> _DIRECTIONS FOR THIS TASK_: Output the records below verbatim, minus the pictures.

> _EXERCISE INPUT_:
☆ ☆ ☆

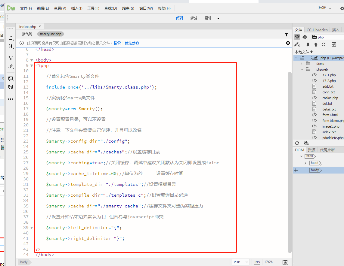 这个文件大家可以复制到自己所有的项目里使用,当然,前提是路径没错,看到第一句代码了吗?那就是我从Smarty文件夹里的demo示例里复制过来的代码,如果你的文件夹和demo示例放在同一层级的路径,这里的代码都可以直接拿来用了,这代码的意义注释也有说明,主要就是设置这个项目的缓存目录,模板目录等等之类。
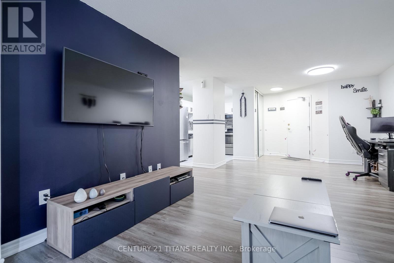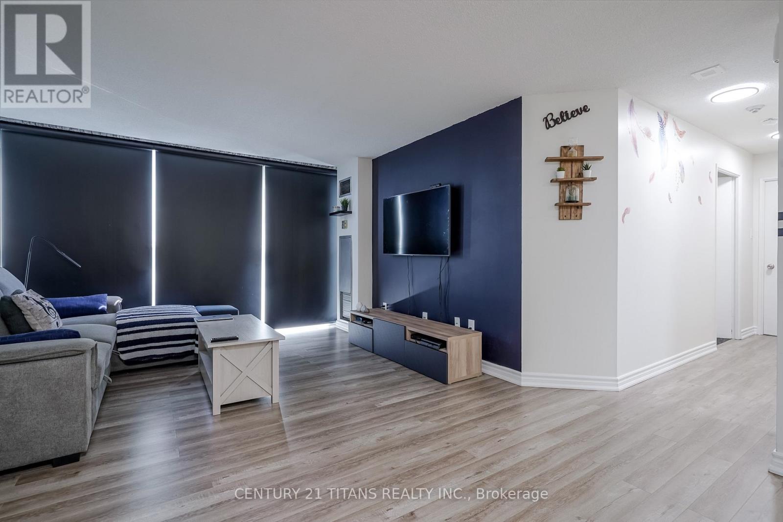 $948 MonthlyDiscover this beautifully renovated, stunning end unit offering breathtaking city views! Featuring 2 bedrooms and 2 bathrooms, this home boasts a brand-new kitchen with modern closets and elegant porcelain flooring. Enjoy new laminate floors throughout, stainless steel appliances, and an ensuite washer and dryer. Floor-to-ceiling windows flood the space with natural light. Conveniently located within walking distance to Square One and close to highways, bus routes, and GO terminals. Move-in ready for you to enjoy! (id:51158)
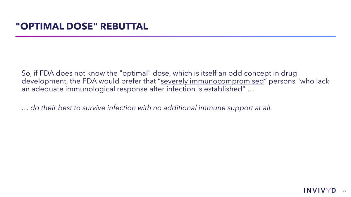 OPTIMAL DOSE REBUTTAL So, if FDA does not know the optimal dose, which is itself an odd concept in drug development, the FDA would prefer that “severely immunocompromised” persons who lack an adequate immunological response after infection is established … … do their best to survive infection with no additional immune support at all. 29
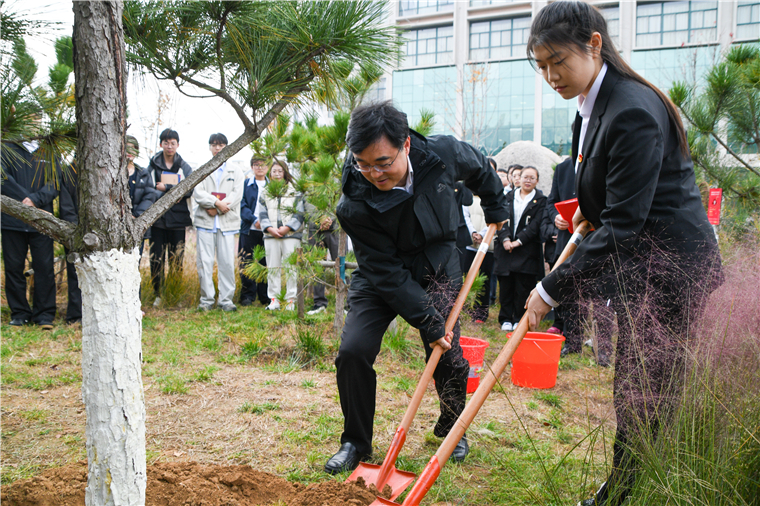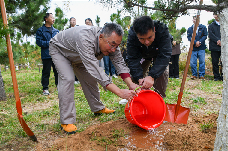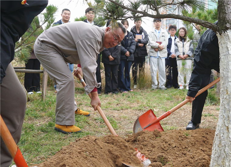 親手將印有自己姓名的銘牌懸掛在樹苗上,郭明義高興的說:“今天我們一起澆灌這棵小樹,就像我們培養了一批又一批學生去建設我們的祖國。我們要栽更多的樹,讓天更藍、水更綠,要培養一代又一代的學生,為我們的國家去奮斗。”他勉勵在場的每一位學子努力學習,成長為新時代的雷鋒,用實際行動去踐行和傳承這份寶貴的精神財富。
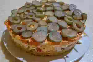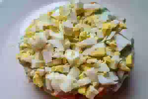 Слоеный салат из соленой семги с овощами и соусом из авокадо
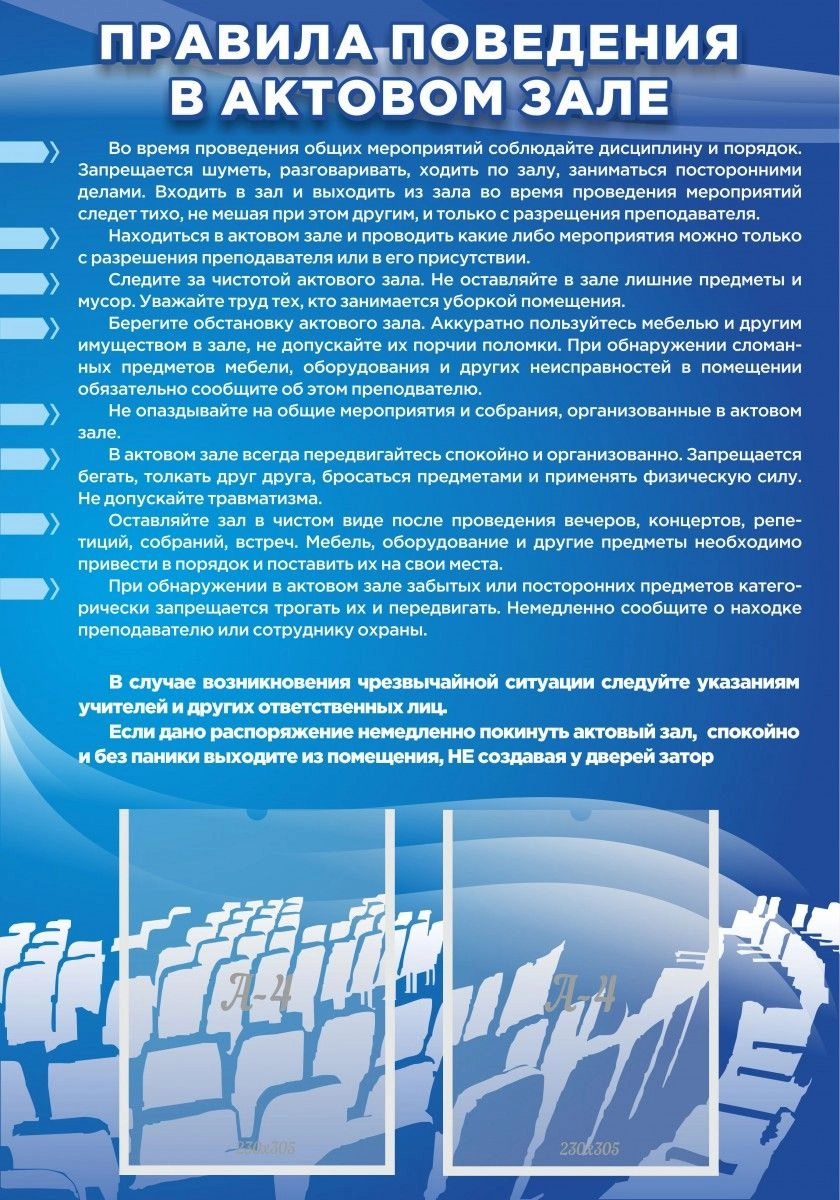 Стенд "Правила поведения в актовом зале №2" арт. ШК-2402

☆ ☆ ☆

> _EXPECTED ANSWER_:
 这个文件大家可以复制到自己所有的项目里使用,当然,前提是路径没错,看到第一句代码了吗?那就是我从Smarty文件夹里的demo示例里复制过来的代码,如果你的文件夹和demo示例放在同一层级的路径,这里的代码都可以直接拿来用了,这代码的意义注释也有说明,主要就是设置这个项目的缓存目录,模板目录等等之类。
 $948 MonthlyDiscover this beautifully renovated, stunning end unit offering breathtaking city views! Featuring 2 bedrooms and 2 bathrooms, this home boasts a brand-new kitchen with modern closets and elegant porcelain flooring. Enjoy new laminate floors throughout, stainless steel appliances, and an ensuite washer and dryer. Floor-to-ceiling windows flood the space with natural light. Conveniently located within walking distance to Square One and close to highways, bus routes, and GO terminals. Move-in ready for you to enjoy! (id:51158)
 OPTIMAL DOSE REBUTTAL So, if FDA does not know the optimal dose, which is itself an odd concept in drug development, the FDA would prefer that “severely immunocompromised” persons who lack an adequate immunological response after infection is established … … do their best to survive infection with no additional immune support at all. 29
 親手將印有自己姓名的銘牌懸掛在樹苗上,郭明義高興的說:“今天我們一起澆灌這棵小樹,就像我們培養了一批又一批學生去建設我們的祖國。我們要栽更多的樹,讓天更藍、水更綠,要培養一代又一代的學生,為我們的國家去奮斗。”他勉勵在場的每一位學子努力學習,成長為新時代的雷鋒,用實際行動去踐行和傳承這份寶貴的精神財富。
 Слоеный салат из соленой семги с овощами и соусом из авокадо
 Стенд "Правила поведения в актовом зале №2" арт. ШК-2402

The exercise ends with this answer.